#### Data supplied
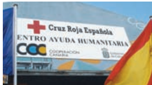
Los presidentes de ambas instituciones en la firma del convenio de colaboración. Derecha, la fachada del Centro de Ayuda Humanitaria.
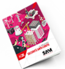
Sécurité anti-chute 2020
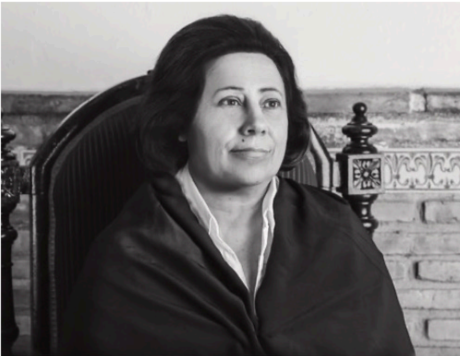
VICTORIA KENT (1891-1987) / Abogada y política republicana española, nacida en Málaga

Os invitamos a poneros piel con piel con aquellas mujeres cuyos nombres usamos ahora como banderas: en sus ojos brillan los tuyos, de su fuerza sois las legítimas herederas.
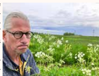
De plaats van de bypass

Na de verkiezingen schreef de coalitie in haar plan dat de bypass er moest komen. Het proces is weer in gang gezet. Op 17 mei werd in het gemeentehuis verdere informatie gegeven.
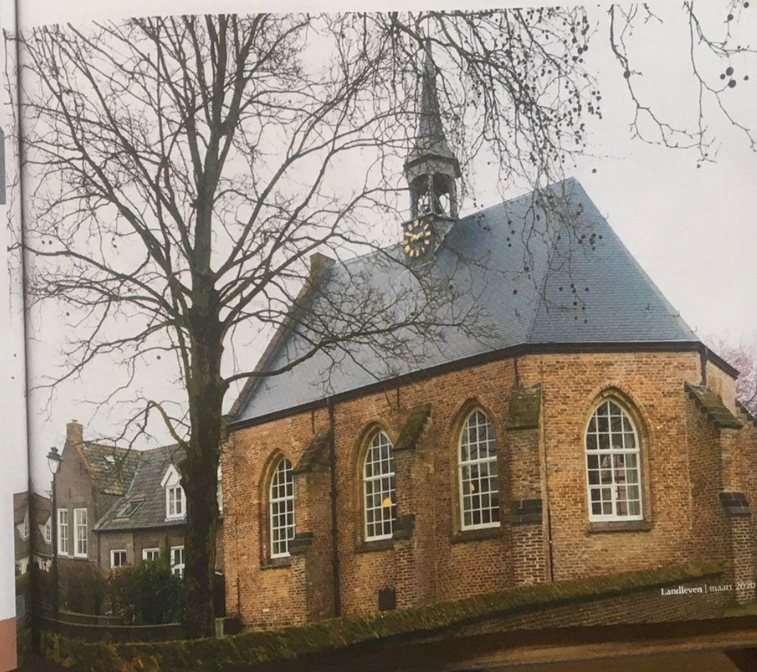
Een schattig kerkje met plek voor zo'n negentig kerkgangers.
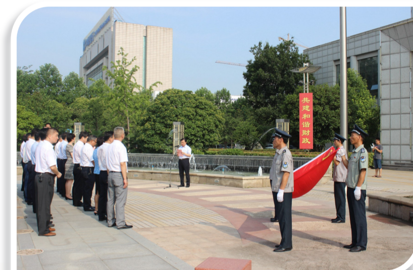
开展“不忘初心重温入党誓词”活动

征程千里风正劲,重任千钧再奋蹄。在党的十九大即将召开之际,市财政部门在市委、市政府的领导下,再启征程,努力谱写财政事业发展的新篇章!
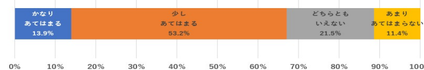
【図3】先生同士で情報共有する機会が増える
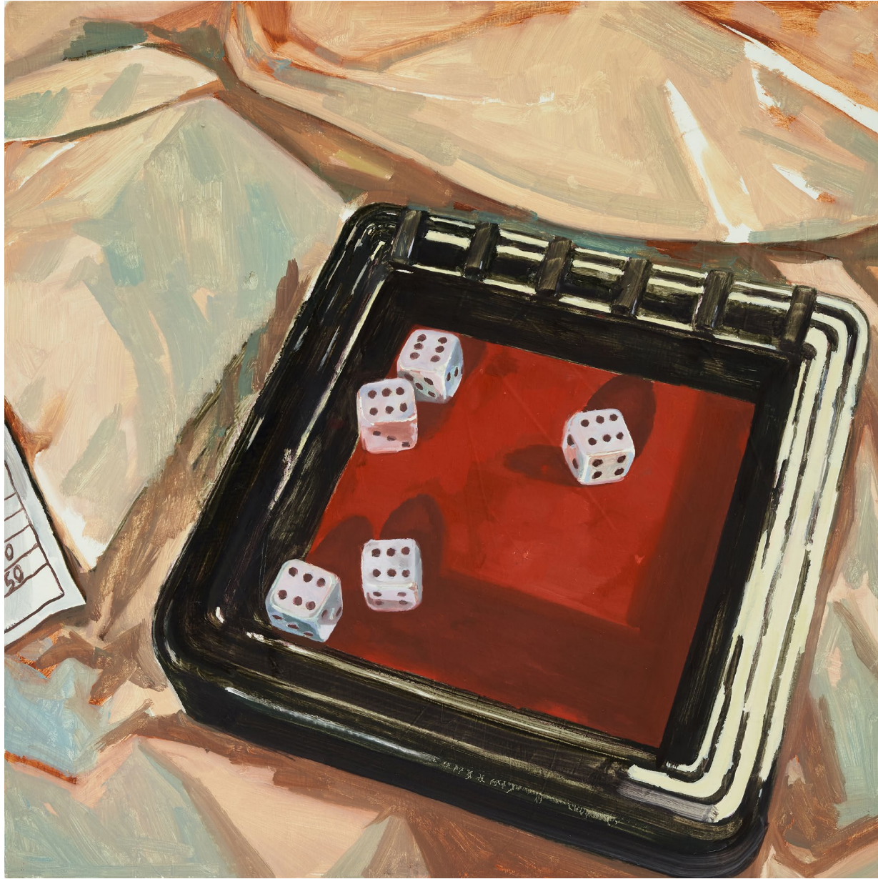
<미니 게임 스타트>, 2024. 캔버스에 유화, 37.9x37.9cm.
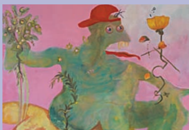
Lise Lotte Helm

20.-31. juli: Birgitte Sandvik , malerier/bronzeskulpturer
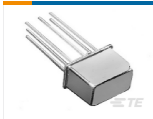
TE 产品编号1617601-4 PRMGSTG-5YW=RELAY
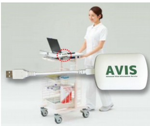
Récepteur pour la transmission de données
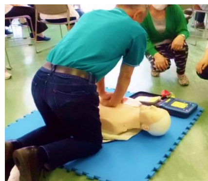
※写真はAEDの使用法を学んでいます。
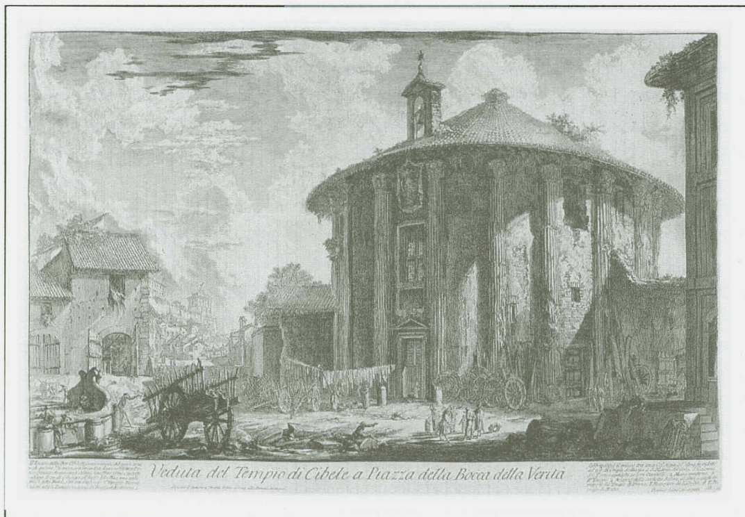
Piranesi, Veduta del Tempio di Cibele

Husly was waarschijnlijk ook bekend met de Romeinse ronde tempels van Hercules Invictus/Victor en Vesta in Rome en Tivoli, die in ruïneuze staat altijd zichtbaar waren gebleven en sinds de zestiende eeuw regelmatig werden gereconstrueerd in prenten en architectuurboeken. Zijn bibliotheek bevatte onder meer de studies van Pietro Santi Bartoli over Romeinse mausolea ‘met verscheide geschreeven Anotatien’ en Jean Barbault’s Les plus beaux monuments de Rome ancienne (1761) in 128 platen. 19 Onzeker is of hij ook D. Rossi’s Romanæ magnitudinis monumenta (1699) kende, dat in de reconstructie
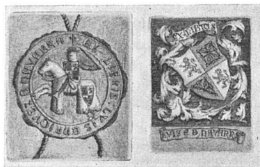
Spanisches Exlibris, Familiensiegel und -wappen
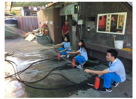
消防標靶射水體驗
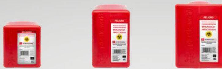
Recipientes de RPBI

Recipientes que cumplen con las características para identificar, contener y almacenar temporalmente los residuos peligrosos punzocortantes biológico infecciosos.
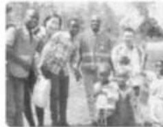
アフリカ・ルワンダ共和国での支援事業

190を超える国と地域に広がる赤十字のネットワークを活かし、紛争や自然災害、病気等で苦しむ世界中の人々を救うための救護活動を行っています。
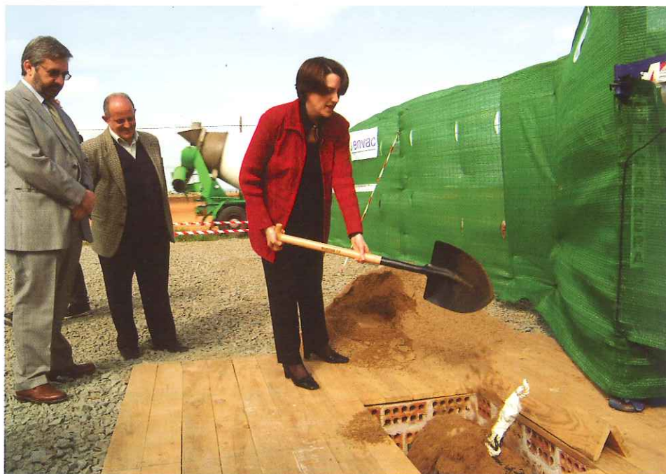
Momento del acto de colocación de la primera piedra.

El nuevo Punto Limpio ocupará una superficie total de 4.775 metros cuadrados, con una superficie cubierta de 40 metros cuadrados, que corresponden básicamente a las dependencias que albergan las
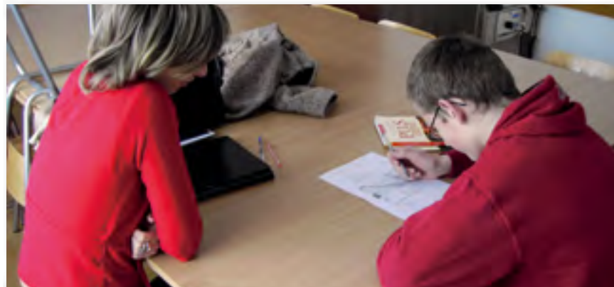
Enseñanza personalizada ▲
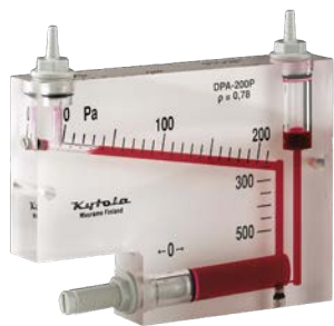
Altura 137 mm

#### Required work
Using the entries above, work out the number of lines containing the string "bypass", and supply only that number.

#### Completed task
2